2100186 – [GSS]Issue with CSI drivers and volume snapshots

Bug 2100186 - [GSS]Issue with CSI drivers and volume snapshots

Summary: [GSS]Issue with CSI drivers and volume snapshots

Keywords:
Status:	CLOSED NOTABUG
Alias:	None
Product:	Red Hat OpenShift Data Foundation
Classification:	Red Hat Storage
Component:	csi-driver
Sub Component:
Version:	4.6
Hardware:	Unspecified
OS:	Unspecified
Priority:	unspecified
Severity:	high
Target Milestone:	---
Target Release:	---
Assignee:	yati padia
QA Contact:	krishnaram Karthick
Docs Contact:
URL:
Whiteboard:
Depends On:
Blocks:
TreeView+	depends on / blocked

Reported:	2022-06-22 17:00 UTC by khover
Modified:	2023-08-09 16:37 UTC (History)
CC List:	14 users (show)
Fixed In Version:
Doc Type:	If docs needed, set a value
Doc Text:
Clone Of:
Environment:
Last Closed:	2022-10-04 02:23:34 UTC
Embargoed:

Attachments	(Terms of Use)

Links
System	ID	Private	Priority	Status	Summary	Last Updated
Github	ceph ceph pull 47174	0	None	open	mds/Server.cc: update cephfs snapshot quota errno	2022-07-19 17:12:16 UTC
Red Hat Bugzilla	1892234	0	unspecified	CLOSED	clone #95 creation failed for CephFS PVC ( 10 GB PVC size) during multiple clones creation test	2022-06-22 17:11:33 UTC

Description khover 2022-06-22 17:00:07 UTC

Description of problem (please be detailed as possible and provide log
snippests):

using Kasten (k10) to backup our Applications and part fo it involves taking Snapshots we test deployed an application with pvc and tried to take a snapshot - it's throwing error

Seems to be timing out:

Type Reason Age From Message
---- ------ ---- ---- -------
Normal CreatingSnapshot 3m22s snapshot-controller Waiting for a snapshot default/test-k10-snapshot to be created by the CSI driver.

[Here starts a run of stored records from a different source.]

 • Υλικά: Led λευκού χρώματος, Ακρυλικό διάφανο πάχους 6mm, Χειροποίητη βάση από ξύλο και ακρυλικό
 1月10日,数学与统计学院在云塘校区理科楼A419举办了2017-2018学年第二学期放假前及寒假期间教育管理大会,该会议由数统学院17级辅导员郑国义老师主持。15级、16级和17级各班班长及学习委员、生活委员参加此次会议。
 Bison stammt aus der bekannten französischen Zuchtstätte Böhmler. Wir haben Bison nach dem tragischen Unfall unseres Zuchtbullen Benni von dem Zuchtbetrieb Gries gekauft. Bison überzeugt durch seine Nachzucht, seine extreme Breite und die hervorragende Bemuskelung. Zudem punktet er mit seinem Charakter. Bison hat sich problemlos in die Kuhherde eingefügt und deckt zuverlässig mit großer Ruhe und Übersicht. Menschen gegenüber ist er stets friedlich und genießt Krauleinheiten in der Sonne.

Additionally customer is unable to upload must gather due to timeout error.

We suspect there issue with CSI drivers and taking volume snapshots - don't see any issues with Ceph cluster

NOTE: customer prod env Kasten (k10) backup works as expected on same version OCS

Per Kasten K-10 support, the volume snap-shot issue seems to be a bug associated with OCS. Please see below:
I have completed reviewing the csi provisioner log files.

Here are my findings.

1. "failed to snapshot of volume" errors was observed 330 times

2, The above errors were caused by ceph snapshot_controller.go:292. it appears to be a ceph bug base on my research
please read the following post

https://bugzilla.redhat.com/show_bug.cgi?id=1892234
3, Due to the above error, we observed 2320 api calls, which took significant amount of time. Not sure if this is the reason that you observed large etcd api calls.

Version of all relevant components (if applicable):

# ocs
version 4.6.13

Does this issue impact your ability to continue to work with the product
(please explain in detail what is the user impact)?

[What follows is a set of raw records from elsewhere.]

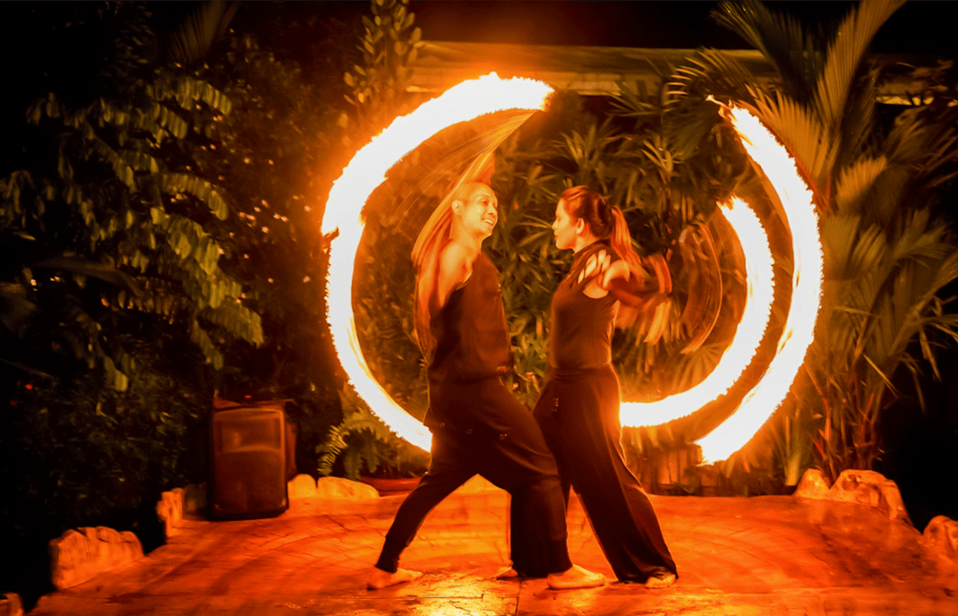 불을 삼키는 묘기, 화염 묘기, 그리고 리듬감 넘치는 안무가 어우러진 에너지 넘치는 문화 공연. 이 만다이 나이트 사파리 쇼는 야외에서 열리며, 나이트 사파리에서의 저녁 시간을 드라마틱하고 시각적으로 인상 깊은 시작을 선사합니다.
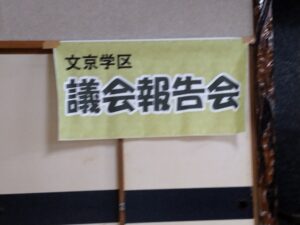 文京議会報告会 20 11月 Posted on 2025年11月20日2025年11月20日Author ando-harumi 0 11月8日 文京後援会の議会報告会に出席しました。 千葉こうき市議と報告し、質問や要望を聞きました。 ここでも熊の問題で盛り上がりました。狩猟免許をお持ちだった方の参加もあり、やはり高齢化で免許を返納したそうー。 警察が免許返納をかなり指導しているそうで、彼の狩猟団体は2人しか残っていないとのことでした。
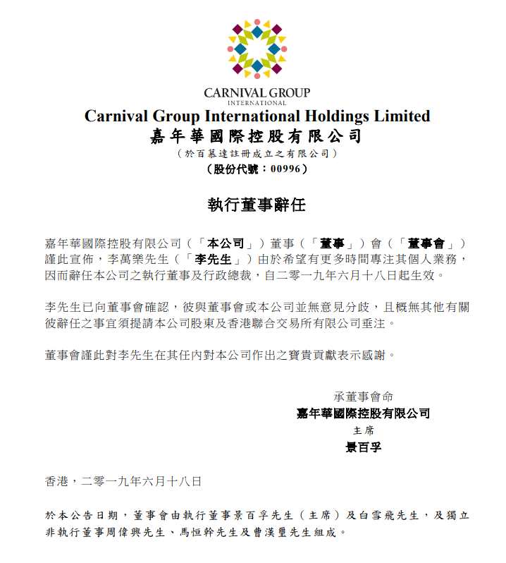 資料顯示,李萬樂于2019年4月4日獲委任為嘉年華國際執(zhí)行董事及行政總裁,至今入職僅兩月有余。
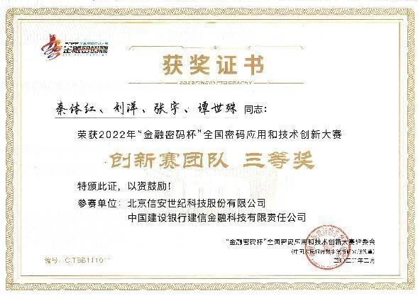 近日,2022年“金融密码杯”全国密码应用和技术创新大赛颁奖大会在苏州成功举办,北京信安世纪科技股份有限公司(股票代码:688201)(以下简称:信安世纪)提交的“白盒SM4算法”荣获创新赛道三等奖。
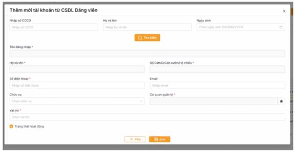 2.2.1. Cập nhật, khai báo tài khoản cho các đơn vị cấp dưới thuộc tổ chức đảng
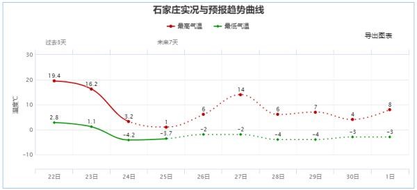 今天傍晚到夜间,张家口、承德晴转多云,其他地区多云转晴。最低气温,张家口、承德、保定西北部-16~-8℃,其他地区-7~-1℃。
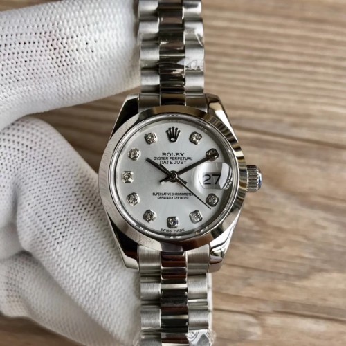 • WF공장 롤렉스 레이디 데이저스트26 실버 돔베젤 실버선레이다이얼 텐포인트인덱스 프레지던트브레이슬릿

Customer unable to backup Applications

Is there any workaround available to the best of your knowledge?

No
Customer tried deployment.apps/csi-cephfsplugin-provisioner scaled down then back up with no relief.

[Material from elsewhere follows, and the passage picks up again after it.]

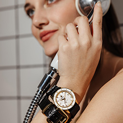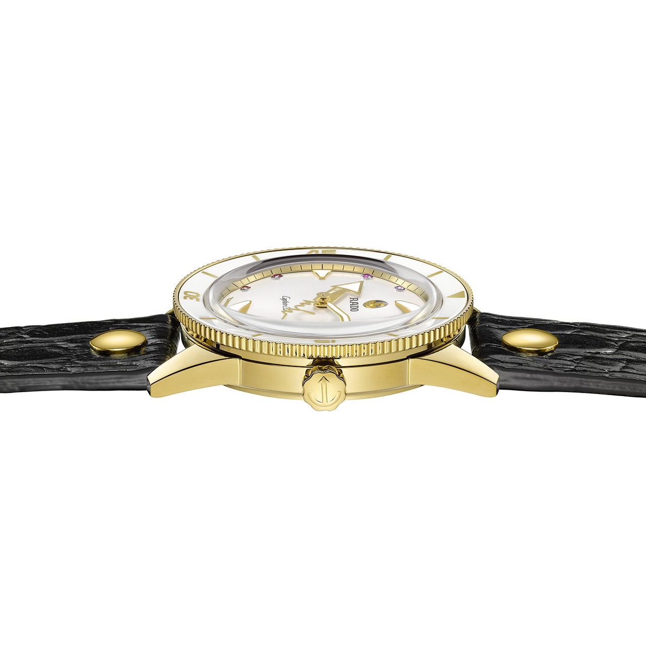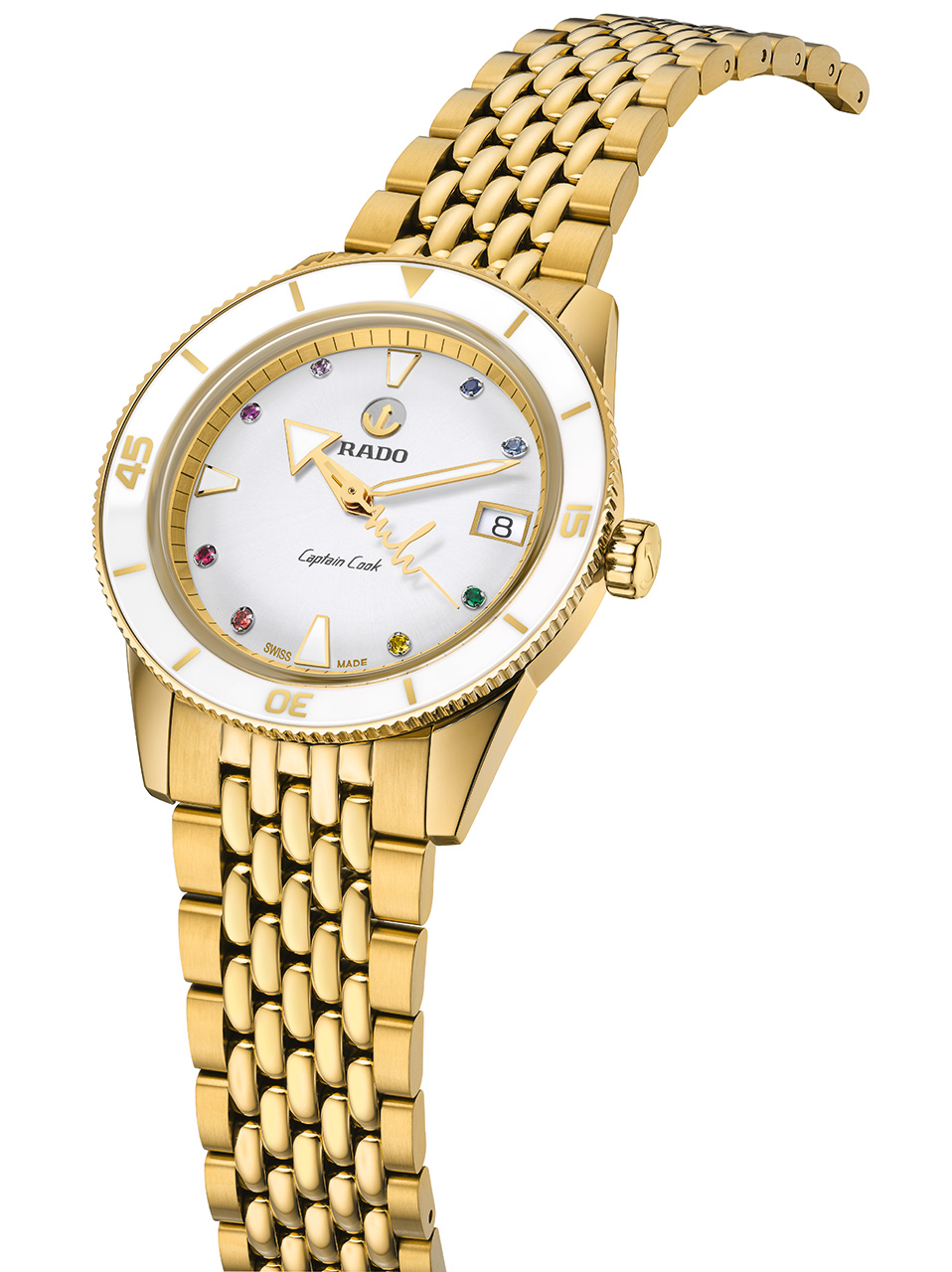 Новый Rado Captain Cook «сердцебиение Марины Хоерманседер» – это приглашение отпраздновать все то, что любят в берлинском районе Кройцберг, и уникальность во всем. Новые часы украшены красочной радугой из восьми драгоценных камней и нанесенными на яркий и выразительный циферблат индексами, поверхность которого перекликается с белой высокотехнологичной керамической вставкой во вращающемся безеле. Золотистые металлизированные метки и цифры и с лазерной гравировкой идеально сочетаются с полированным PVD-покрытием желто-золотого цвета корпуса и безеля из нержавеющей стали. Циферблат и символ золотого движущегося якоря с серебристой задней панелью, темно-серые логотипы Rado и Captain Cook защищены изысканным сапфировым стеклом в форме коробки, хорошо известным любителям продукции Captain Cook. Кристалл имеет прозрачное покрытие на обеих гранях, а на часовую и минутную стрелки нанесено белое покрытие Super-LumiNova® для максимальной читаемости.

Rate from 1 - 5 the complexity of the scenario you performed that caused this
bug (1 - very simple, 5 - very complex)?

Can this issue reproducible?

Can this issue reproduce from the UI?

If this is a regression, please provide more details to justify this:

Steps to Reproduce:
1.
2.
3.

Actual results:

Expected results:

Additional info:

Comment 2 khover 2022-06-22 17:09:41 UTC

curl –s https://docs.kasten.io/tools/k10_primer.sh > primer bash primer -c "storage csi-checker -s ocs-storagecluster-cephfs --runAsUser=1000"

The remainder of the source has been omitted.